Rendra mengangkat satu alisnya, "Sejak kapan kita tunangan? Emang gue pernah bilang ada rasa ke lo? Gak kan? Jadi stop ganggu hidup gue!"
"Om Danu sudah memintamu untuk menikahi ku, Rendra. Kalau sampai ayahmu tau kamu masih bersikap seperti ini terhadapku. Aku bisa pastikan kamu bakalan dicoret dari Keluarga Wilson!" ancam Selvi.
"Oh, kalau gitu silahkan!" balas Rendra dengan santai.Melihat itu Selvi tentu saja merasa kesal.
"Sebenarnya apa yang kurang dari diri aku, Rendra? Sampai-sampai kamu terus menolak ku?"
"Udah gue katakan dari sebelumnya. Gue gak cinta apalagi tertarik sama lo. Dan urusan kita bertunangan itu semua cuma untuk kepentingan perusahaan ayah lo dan ayah gue," Rendra menatap dingin Selvi.
"Jadi, jangan berharap kita bakalan menikah. Setelah urusan bisnis keluarga kita selesai, kesepakatan kita bertunangan juga selesai. Paham?"
"Gak! Aku gak terima!" Selvi merasa kesal. Bisa-bisanya dia cuma dijadikan alat untuk membuat bisnis keluarga mereka sukses.
"Terima gak terima, lo sendiri yang memulai. Lo terlalu obsesi sama gue semenjak gue udah jadi CEO,"
"Bahkan lo sendiri yang bujuk, dan paksa ayah lo agar membuat kesepakatan dengan ayah gue. Dengan iming-iming untuk menaikan saham perusahaan, biar lo bisa tunangan sama gue," ucap Rendra dengan penuh penekanan.

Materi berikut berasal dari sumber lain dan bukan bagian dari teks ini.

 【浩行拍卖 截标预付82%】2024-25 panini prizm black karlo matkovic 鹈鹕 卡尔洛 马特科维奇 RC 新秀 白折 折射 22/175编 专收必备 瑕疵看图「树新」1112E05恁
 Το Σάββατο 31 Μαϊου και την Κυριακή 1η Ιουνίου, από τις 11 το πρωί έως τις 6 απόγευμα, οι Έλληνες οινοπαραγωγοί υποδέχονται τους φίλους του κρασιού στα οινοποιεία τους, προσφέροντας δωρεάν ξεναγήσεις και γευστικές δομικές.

Selvi yang merasa tidak terima, dengan semua perkataan Rendra tentang dirinya. "Rendra! Bukannya dulu lo suka sama gue?"
"Itu dulu, dan sekarang udah gak lagi."
"Kenapa?"
"Lo masih bisa nanya kenapa?" Rendra tersenyum sinis melihat sikap Selvi, yang lupa dengan kesalahannya di masa lalu.
"Udahlah, lebih baik lo pergi dari sini sekarang juga!" usir Rendra dengan suara dingin.
"Gak! Aku gak mau, Rendra. Dan kamu tidak bisa mengusirku seperti ini. Aku ini tunang-"
"Ahhhh! Rendra... sakittttt," rintih Selvi saat Rendra dengan tega mencengkram kasar rahangnya.
"Udah gue bilang, pertunangan kita hanya sekedar formalitas 2 perusahaan. Jadi," Rendra menghempaskan wajah Selvi dengan kasar.
"Stop bersikap seolah-olah kita mempunyai hubungan. Camkan itu!" Rendra menunjuk kasar wajah Selvi.
Air mata jatuh menetes di pipi Selvi, namun dengan cepat ia menghapusnya. "Baik kalau itu maumu. Tapi ingat ini baik-baik. Suka tidak suka, mau tidak mau, kita tetap akan menikah bulan depan. Camkan itu juga Elvaro Rendra Wilson!" Selvi langsung pergi meninggalkan ruang kerja Rendra dengan perasaan terluka.